The previous year, I received darshan from Mother Meera in a church in Manhattan. It was entirely different–very controlled, orderly, silent and “don’t get too close.” We were instructed that children would receive the blessing through their parent, that they were not to be in line. Waiting for darshan there, I kept nodding off in my place in a pew in the midsection of the church. I could not stay awake. (Sometime later, a lady who works for a spiritual advisor I consulted, told me that often the conscious mind has to get out of the way for the work to take place. For Mother Meera’s darshan, I knelt in front of her. She placed her hands on my head and gazed directly and silently into my eyes. In the foyer of the church at her event, there were tables of photos, books and jewelry all with her image on them. All was silent and hushed.

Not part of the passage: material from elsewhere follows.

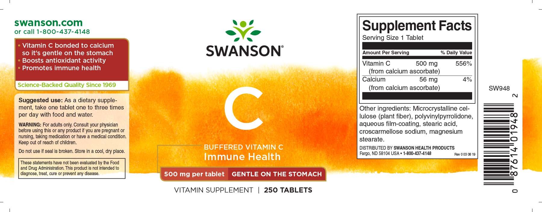 | Description | A stomach-friendly super-C source! Swanson Buffered C contains vitamin C bound to calcium through a special process that neutralizes the acidity of the vitamin, making it more stomach-friendly even at high intakes. |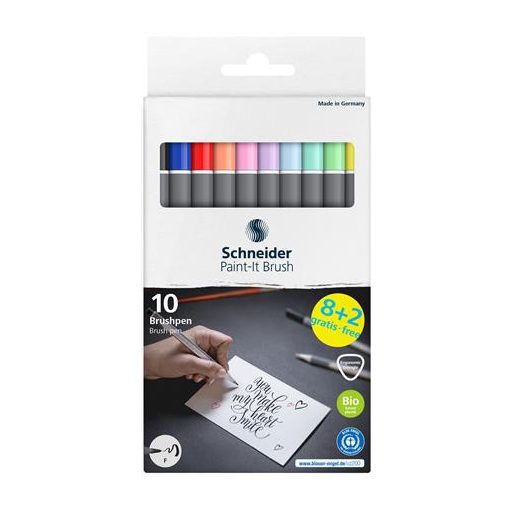 Ecsetirón készlet, hajlékony heggyel, SCHNEIDER "Paint-It 070", 10 különböző szín

Amma’s event was a festival. There are vendors all around the room and more outside in the hallways. There was food, jewelry, beautiful saris with gold woven through ranging from $600 to more than $1600, other Indian clothing, photos of Amma, gifts she’s received, jyotish, radiant healing, herbs, incense, cds, dvds, books, chair massage, plants, essential oils– the list is long. Her volunteers sell these to raise money for her humanitarian activities, There is always the chaotic noise and activity of a fair-like atmosphere when Amma is in session, an experience truly joyful!
NOTE: The original clipping that I received stands in a frame looking out over all our yoga classes. It is a presence and a reminder of my journey.